I need to launch a program automatically on bootup. I know I need to edit my autoexec.bat FILE, in wich I have but cannot seem to get the commands right to get my program to launch properly. These are the commands I use once the c: prompt appears.

C:>cd XYZ

C:/XYZ> XYZ


Thanks, Dan.

The commands you enter from the prompt are the same ones you put in your file:

cd xyz
xyz

In what way is your program not properly launching? Are there any error messages?
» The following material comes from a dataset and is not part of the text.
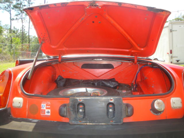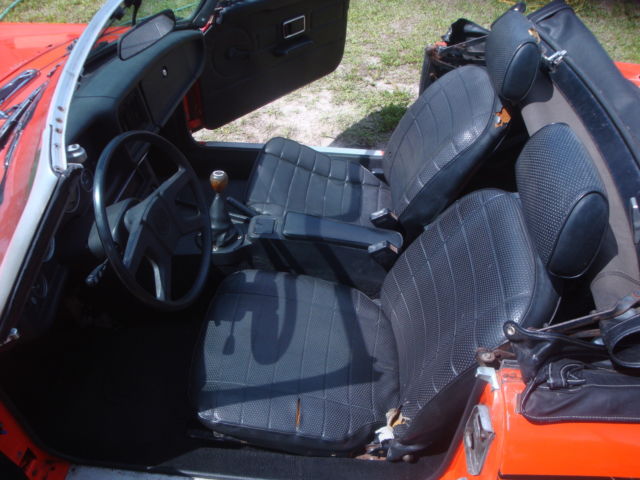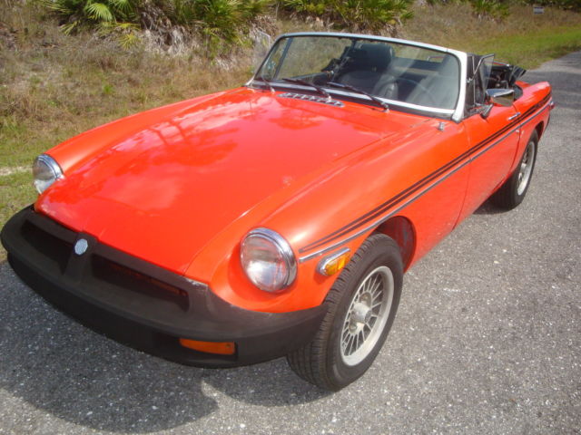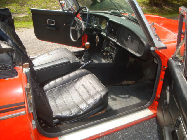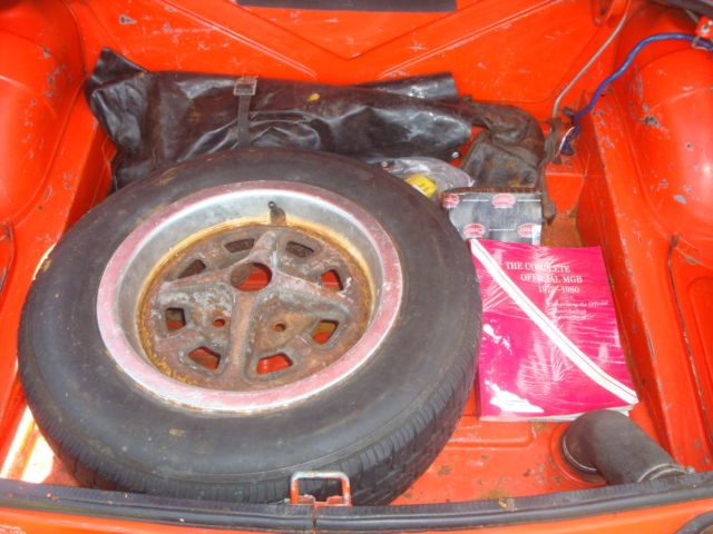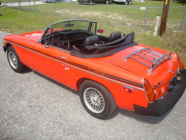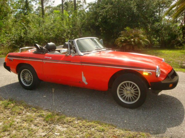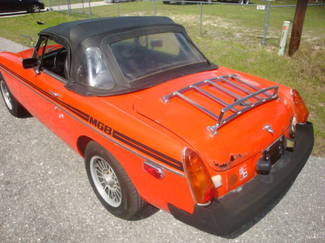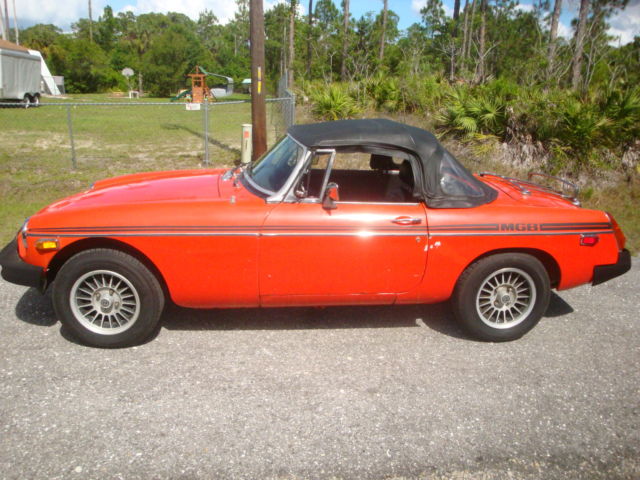 1979 MG MGB CONVETIBLE. 1.8L 4CYL. 5SPD MANUAL TRANSMISSION. MANUAL CONVETIBLE TOP. POWER BRAKES. 14'' ALLOY WHEELS. CLICK ON VIDEO LINK FOR YOUTUBE.COM- https://youtu.be/wYAoKVnd5hE . ENGINE- (SEE VIDEO) RUNS BUT NEEDS TO BE REBUILT. HAS TWO CYLINDERS WITH LOW COMPRESSION AND TWO WITH GOOD COMPRESSION. THE HEAD GASKET OR HEAD NEED TO BE FIXED AS WELL, NOT SURE JUST THAT WATER GOES INTO OIL AND EXHUAST. I HAVE CHANGED THE OIL AND LEFT THE COOLANT EMPTY. HAS A NEW WATER PUMP INSTALLED. AGAIN ENGINE STARTS AND RUNS (SEE VIDEO). TRANSMISSION- SHIFTS OKAY. BRAKES- STOP GOOD. HAS NEW REAR LINES AND FLUID HAS BEEN CHANGED. PADS, ROTORS AND DRUMS ARE OKAY, BUT HAVE NOT BEEN CHANGED BY ME. RIMS- 14'' ALLOYS WITH FOUR GOOD TIRES. BODY- HOOD AND TRUNK HAVE RUST. DRIVER AND PASSENGER FLOOR HAVE SOME RUST, SEE PICTURES AND VIDEO. SOME RUST BUBBLES ON DOORS. THE REST OF THE CAR IS OKAY. PAINT HAS SOME PEELING. I HAVE AN NICE ALUMINUM HOOD THAT CAN BE BOUGHT FOR $320.00, plus shipping. CAN SEND PICS IF NEEDED. TOP- OKAY, HAS SMALL TEARS ON WINDOW AREA (SEE PICTURES). INTERIOR- SEATS HAVE SMALL TEARS (SEE PICTURES). DASH IS NICE. GAUGES ALL FUNCTION. WORKING CLOCK. ALL FORMS OF PAYMENT MUST CLEAR BEFORE SHIPPING OF CAR OR MAILING OF TITLE TO BUYER. CLEAR FLORIDA TITLE IN HAND. EMAIL ME ANY QUESTIONS AND HAPPY BIDDING.

Need more info for a definitive answer. When the program "properly " launches it searches for a setup file and COULD not find it when I got it to do so upon bootup. Could my problem be with the echo command? I am using DOS 6.2 and have not modified the file any further other than adding this to the end.


c:>cd xyz
c:/xyz>xyz

Do I need the c: prompts? Sorry for the elementary question and thanks for the help.http://www.robvanderwoude.com/index.htmlWhat echo command? What startup file? There seems to be more to this than you're telling us. No, you don't need the prompts in the autoexec.bat (if fact it will fail if you do), but we can force the ISSUE:

c:
cd \xyz
xyz

Is this startup file in the xyz directory? Do you need to pass a reference to the startup file on the command LINE?

Get back to us. I have noticed that you typed the following commands.

c:>cd xyz
c:/xyz>xyz

C:/XYZ> (all of this is wrong to start with)
If this is just YOUR typo on this post, then ignore this reply.

It should be: C:\XYZ\XYZ.EXE or C:\XYZ\XYZ.COM or C:\XYZ\XYZ.BAT
Dont use the ">" at the end either. You actually dont need to type "C:\XYZ" as you already did CHANGE into the directory.